**Requirement:**
Please print, exactly, only the lines in the entries below from the line that has "Стопорный узел из" through the line that has "Our clients had". Pictures don't go in.

[Excerpts from a dataset]

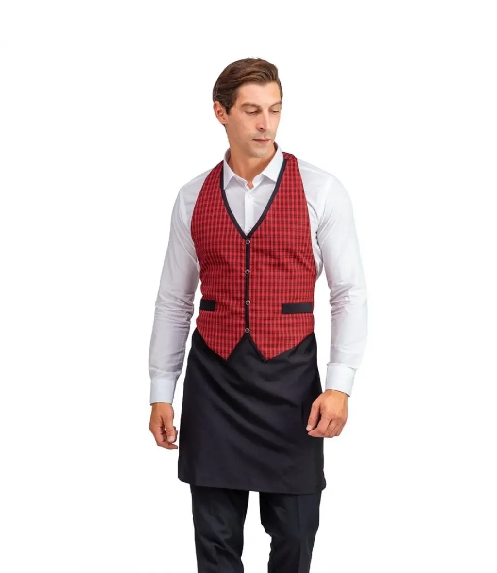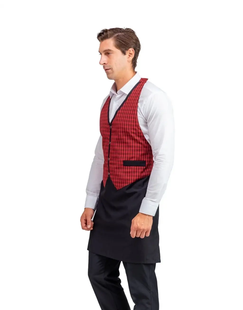 Askılı Yelekli Garson Önlüğü - 401 Kırmızı Kareli
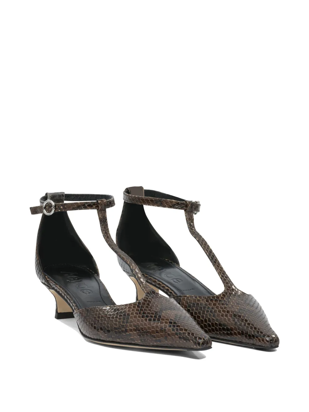 Коричневый ремешок на щиколотке с заостренным носком и принтом змеиной кожи
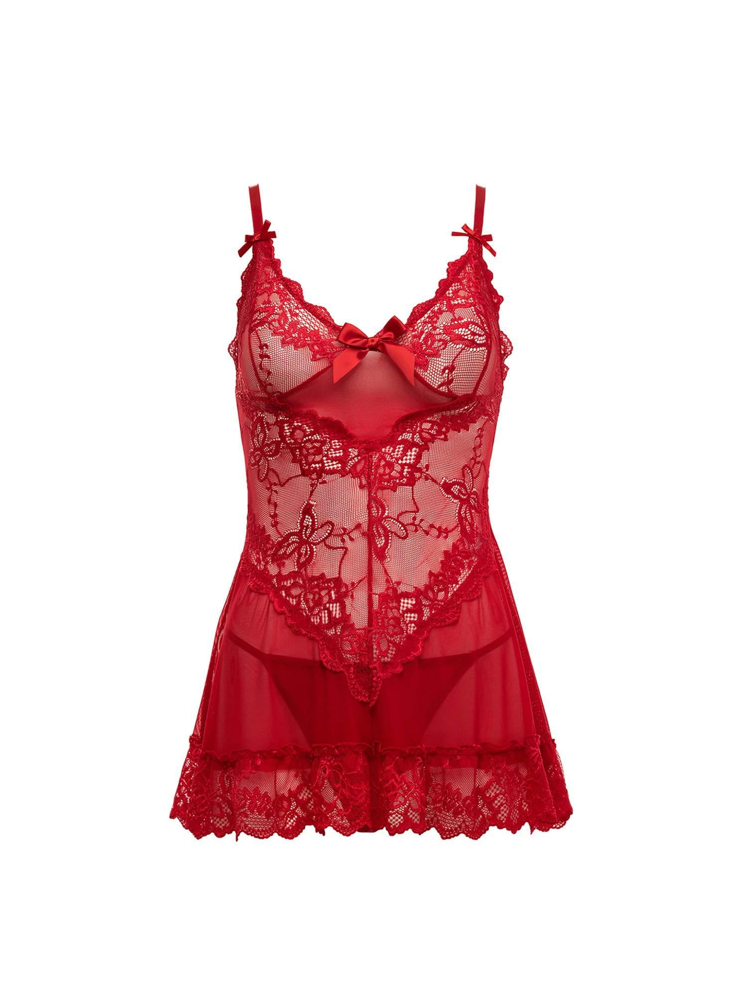 Turn up the romance any season with the Valentine Lacey Babydoll. This stunning A-line lacy babydoll features a seductive triangle cup bodice made from ultra-soft fabrics, ensuring all-night comfort on Valentine’s Day or any day. Adjustable elastic shoulder straps allow for a personalized fit, while the sheer mesh body with lace inserts and flirty ruffled hem adds an elegant touch. The charming bow detail at the center-front, paired with a matching G-string makes this set irresistible. Available in multiple fun colors in standard and plus sizes, this Valentine lace babydoll is the perfect choice for a special night in.
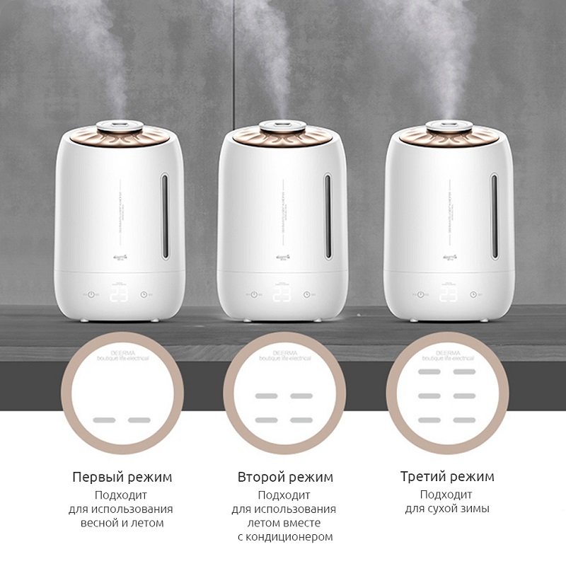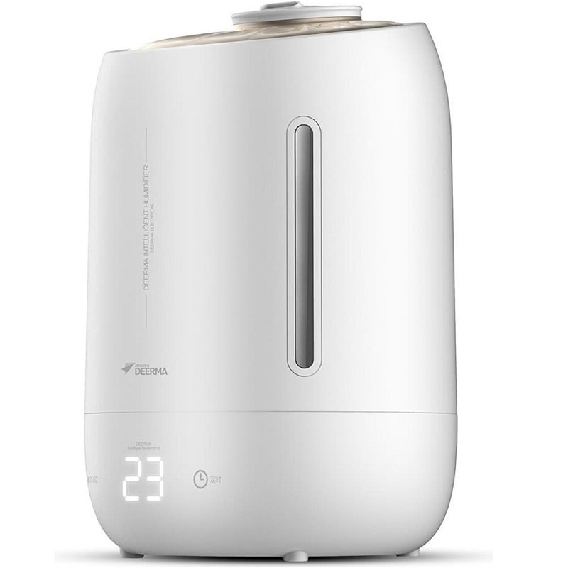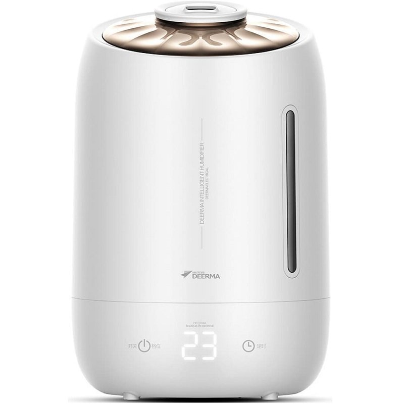 DEERMA DEM-F600 - изготовлен из практичного ABS-пластика, имеет цилиндрическую форму, симпатичный дизайн, компактные габариты (208 × 208 × 315 мм) и 5 литровую емкость для воды. Кроме того, устройство имеет специальную прорезь для проверки остатка жидкости. Увлажнитель воздуха оснащен углеродным фильтром и дозатором. Интенсивность распыления можно регулировать с помощью сенсорного элемента управления. Максимальная пропускная способность устройства составляет порядка 300 ± 10 мл/ч. В процессе работы увлажнителя, мелкие частички воды распыляются в виде дымки, создавая благоприятную атмосферу для пребывания в комнате площадью 31-40 м². Увлажнитель DEM-F600 потребляет всего около 25 Вт электроэнергии в час и очень тихо работает, чтобы не помешать вашему отдыху. Среди прочих особенностей этой модели увлажнителя воздуха стоит отметить: наличие датчика температуры и гнезда для установки капсулы с ионами серебра (приобретается отдельно), которые дезинфицируют воду перед ее распылением в воздух.
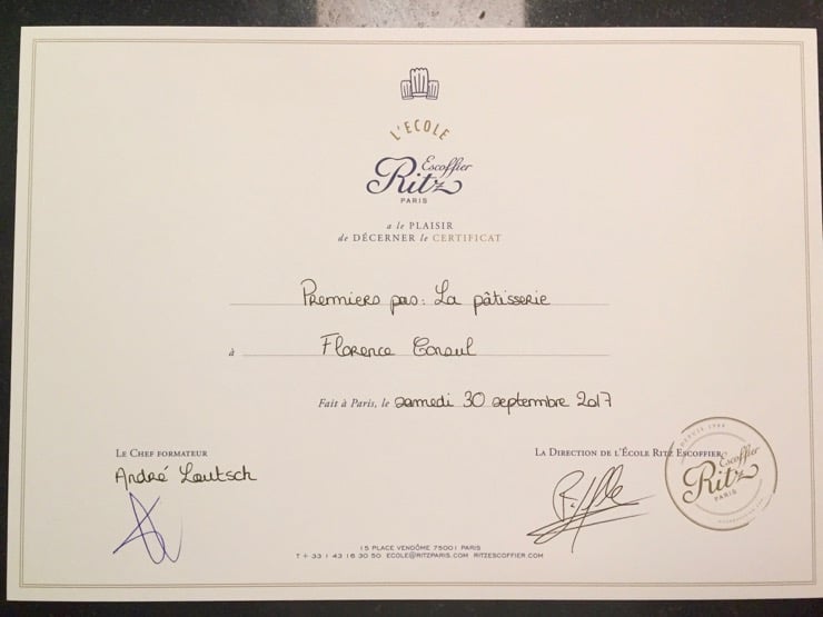 Samedi matin, place Vendôme. Il est un petit peu moins de 9 heures quand je franchis les portes du célèbre Ritz Paris. Tout est encore calme à cette heure-ci sur la place tout comme au sein de l'hôtel. Vous devez sûrement vous demander ce que je fais si tôt dans ce palace parisien mais je suis là pour une bonne raison : je vais passer la matinée dans les cuisines de l'école Ritz Escoffier pour prendre un cours de pâtisserie. Allez c'est parti !
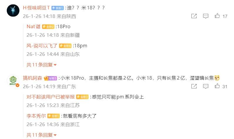 6日信息1月2,日正在微博爆料独家音信博主@数码闲聊站今,已达成摆设越级某厂迭代旗舰机,2亿像素后摄的测试职责其非超大杯机型已启动双。及评论区网友揣测集合博主文中默示,幼米18 Pro系列这款重磅新机大略率为。
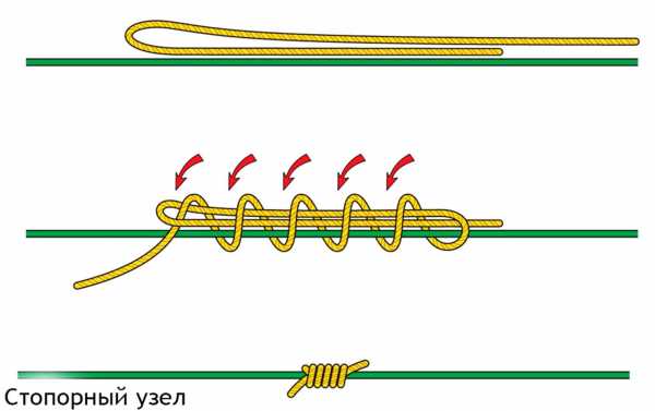Стопорный узел из лески вяжется леской того же диаметра и типа, что и основная, или чуть толще. Его вяжут следующим образом:
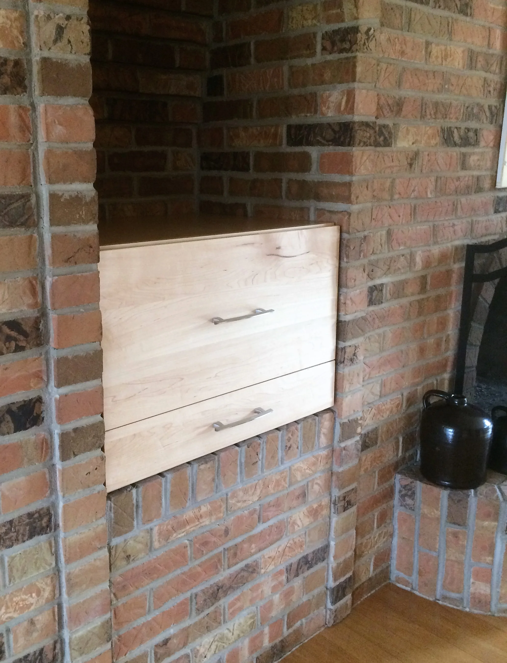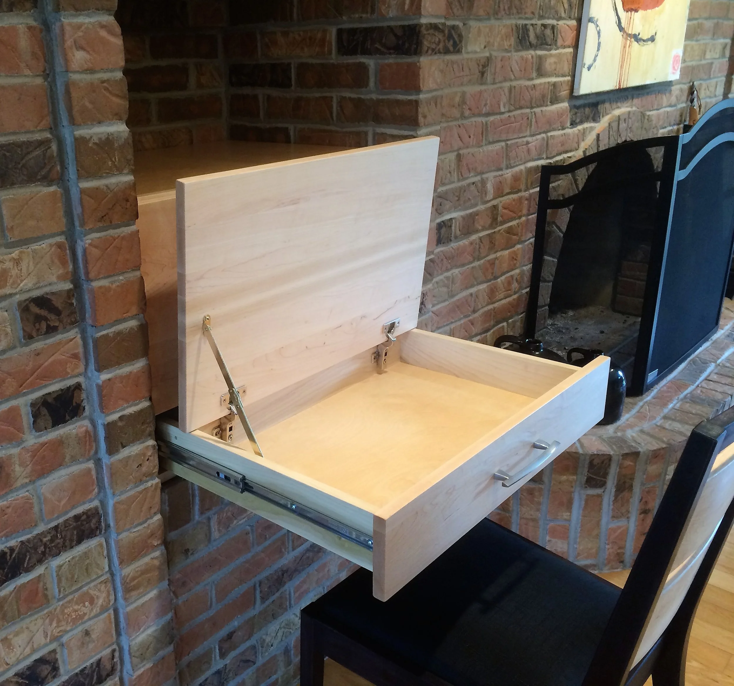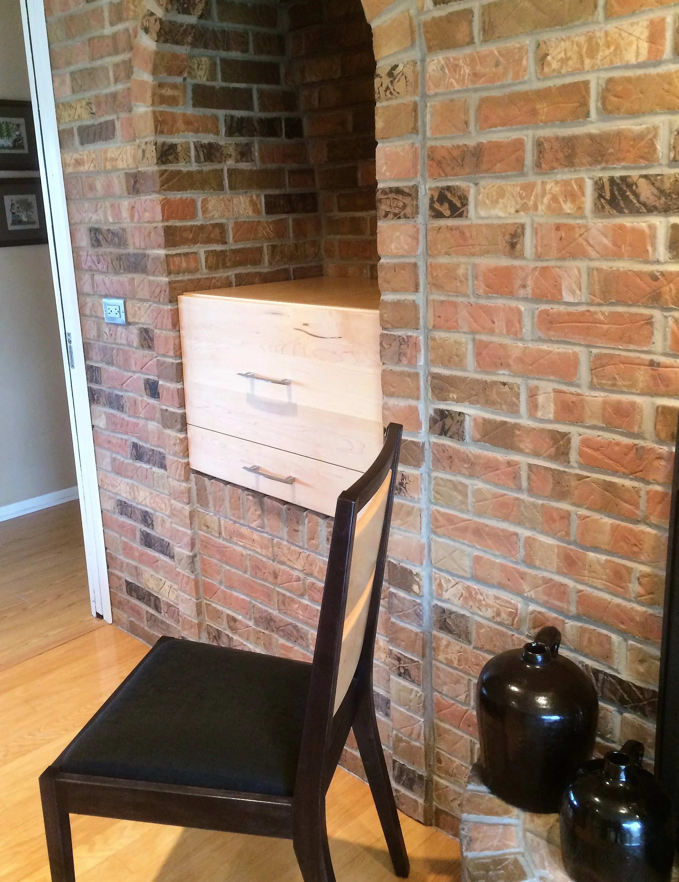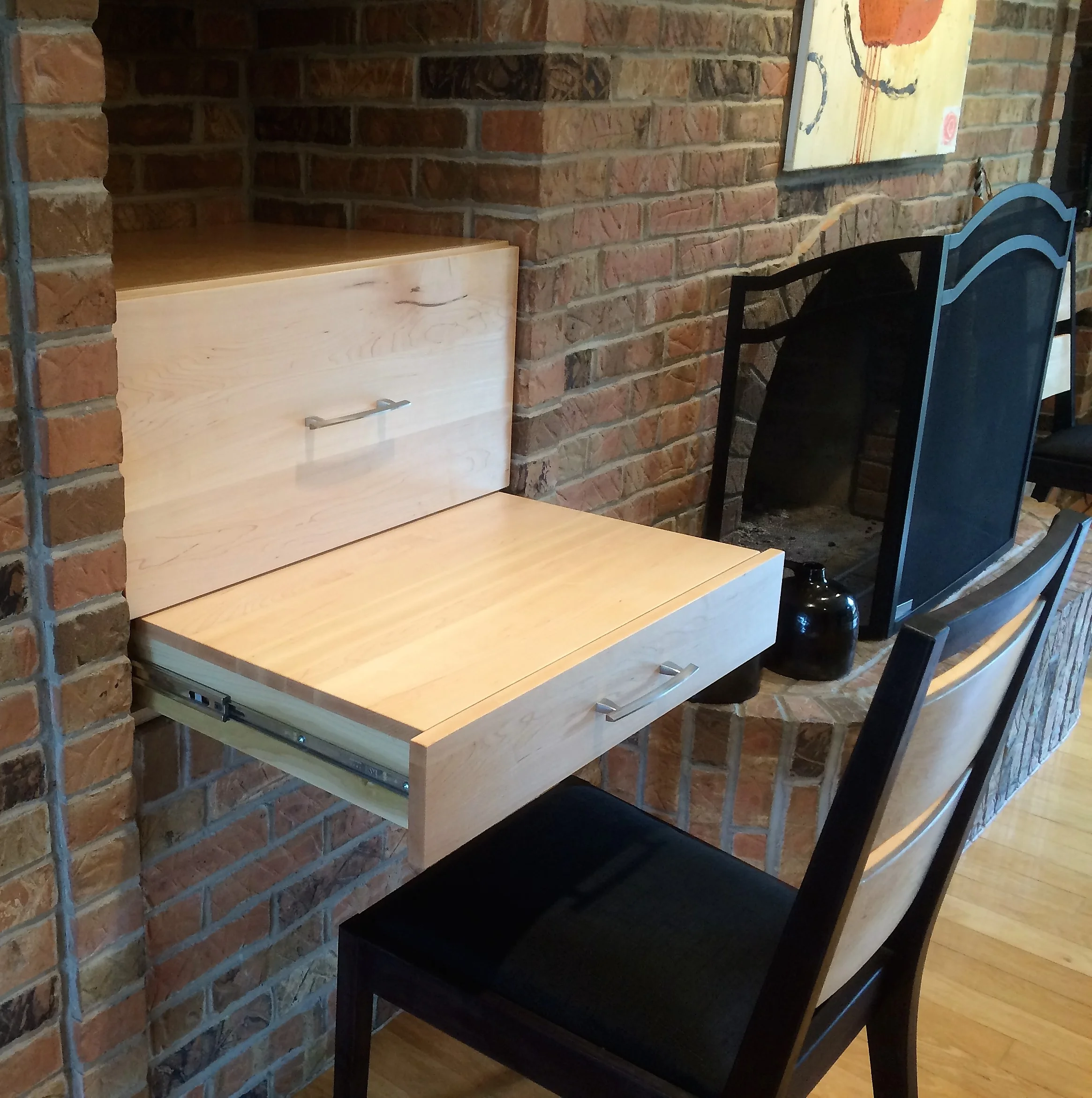 Our clients had an indoor grill space next to their dining room fireplace that they never used. Additionally they needed a space for placing a laptop and paying bills.
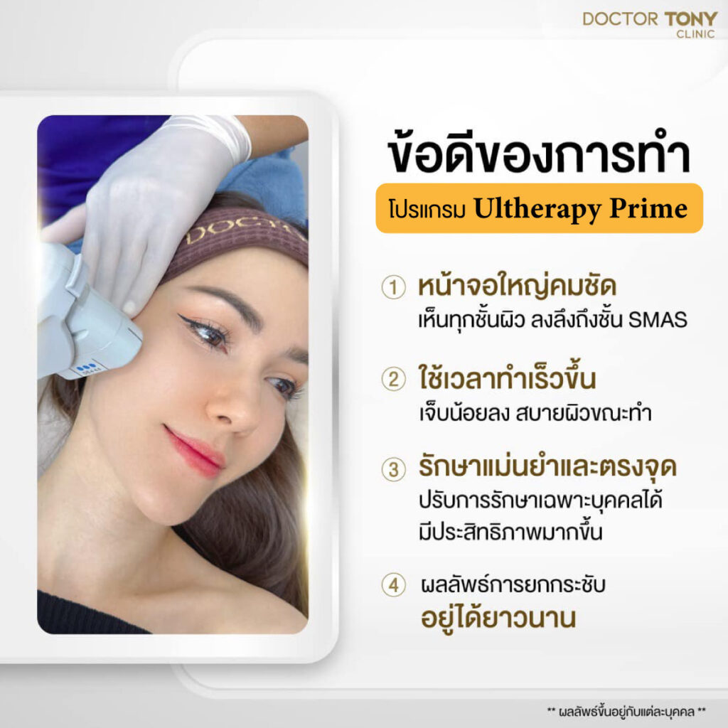 โปรแกรม Ulthera Prime เป็นเทคโนโลยีการยกกระชับผิวโดยไม่ต้องผ่าตัด ซึ่งใช้พลังงานคลื่นเสียงอัลตราซาวด์แบบเฉพาะเจาะจง ลงไปกระตุ้นการสร้างคอลลาเจนในระดับลึกถึงชั้น SMAS (Superficial Musculoaponeurotic System) ซึ่งเป็นชั้นเดียวกับที่ศัลยแพทย์ใช้ในการผ่าตัดดึงหน้า
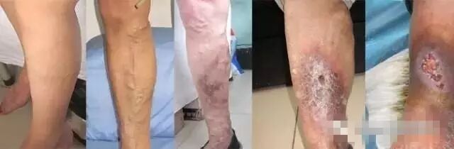3、淤血性溃疡:常发生于小腿下1/3的内、外侧,稍微外伤,即可发生小腿慢性溃疡(老烂腿),很难愈合。

**Your solution:**
Стопорный узел из лески вяжется леской того же диаметра и типа, что и основная, или чуть толще. Его вяжут следующим образом:
 Our clients had an indoor grill space next to their dining room fireplace that they never used. Additionally they needed a space for placing a laptop and paying bills.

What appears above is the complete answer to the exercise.